The Columbia electrical engineering professor will develop degradation-aware gallium nitride circuits designed to operate in harsh settings, from planetary exploration to nuclear energy systems.

By
Xintian Tina Wang
April 28, 2026

Columbia Electrical Engineering Assistant Professor Savannah Eisner has received a National Science Foundation CAREER award for her project, “CAREER: Degradation-Aware GaN Electronics for Mixed-Signal Integration in Extreme Environments.”

The NSF Faculty Early Career Development Program, known as CAREER, supports early-career faculty who have the potential to serve as academic role models in research and education. Eisner’s award will support her work to build the scientific foundation for reliable electronics that can withstand some of the world’s harshest operating conditions, including the surface of Venus, the interiors of nuclear reactors, hypersonic aerospace platforms and other extreme environments.

The award also supports an integrated education and outreach program. Eisner will expand her graduate-level course, Harsh Environment Electronics, into a research-informed, lab-based experience that introduces students to device modeling, thermal reliability, and circuit testing. Students will work with experimental data from wide-bandgap devices and use professional modeling tools to study how electronics behave under temperature and radiation stress.

Through the CAREER project, Eisner aims to train the next generation of engineers to design electronics for real-world conditions that go far beyond the lab. “I aim to build the intellectual tools and expertise needed to enable GaN heterostructure electronics to function reliably where no electronics have before,” Eisner says.

lab

Conventional silicon-based electronics begin to fail at high temperatures, limiting their use in environments where cooling, shielding or repair may be impossible. Eisner’s project focuses on gallium nitride, or GaN, a wide-bandgap semiconductor known for its thermal stability, radiation tolerance and high electron mobility. While GaN transistors have shown promise, their use in complete systems has been limited by a lack of understanding of how analog circuits and passive components degrade under long-term heat, radiation and electrical stress.

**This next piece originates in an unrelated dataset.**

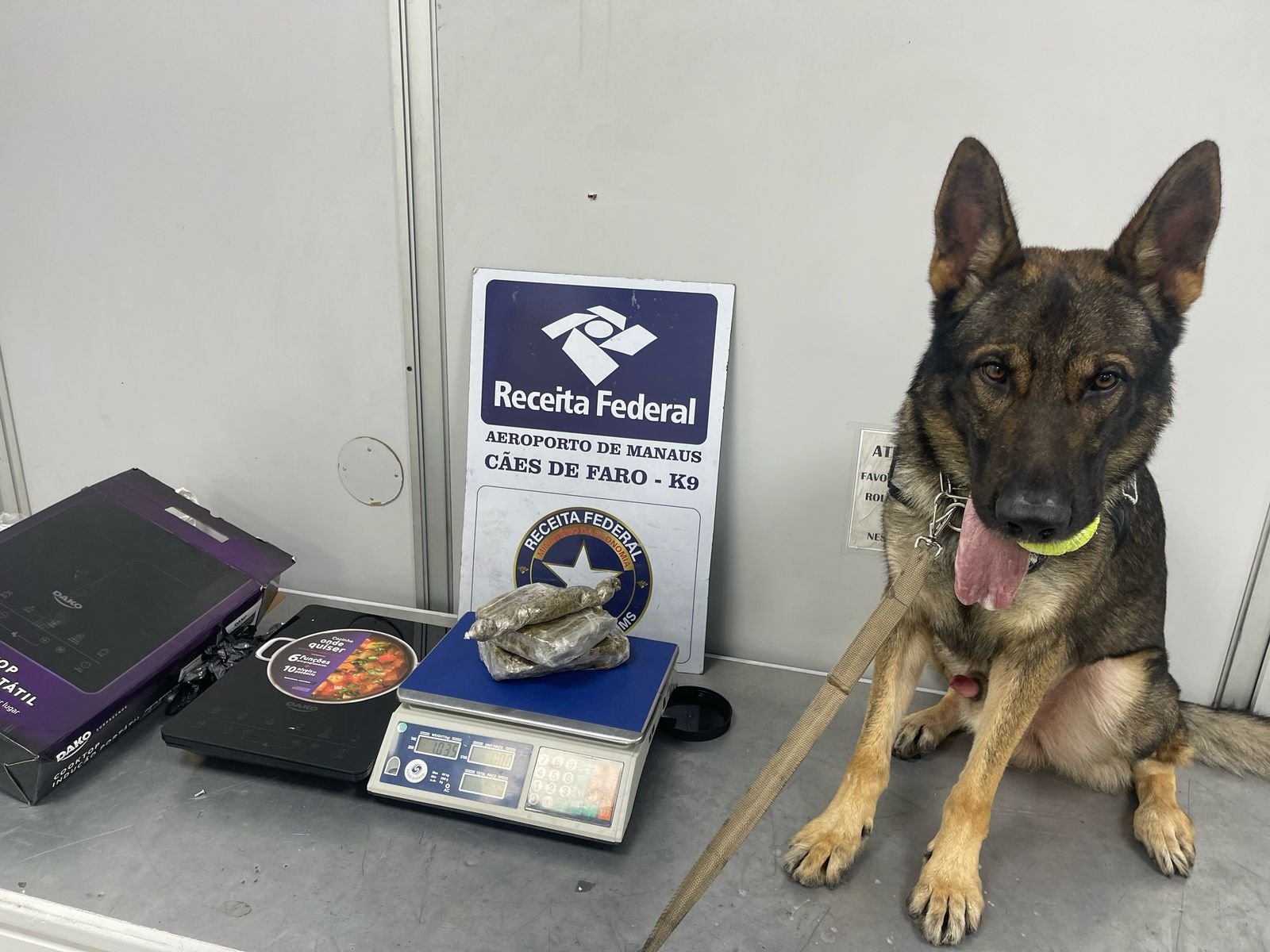 A Equipe K9 da Receita Federal em Manaus realizou, no período de 16 a 18/03, operações de combate ao contrabando e descaminho no Centro de Tratamento de Cartas e Encomendas – CTCE e no Terminal de Carga do Aeroporto Internacional Eduardo Gomes – TECA, que resultou na apreensão maconha em um cooktopo e em caixas de sabão em pó.

Through the project, Eisner will develop and test GaN-based circuits and integrated passive components designed to operate at temperatures above 500 degrees Celsius for extended periods and in radiation-rich environments. Her research group will focus on indium aluminum nitride/gallium nitride heterostructure high electron mobility transistors, along with co-fabricated capacitors, resistors, inductors and interconnects. The work will combine device modeling, high-temperature testing and degradation-aware circuit design.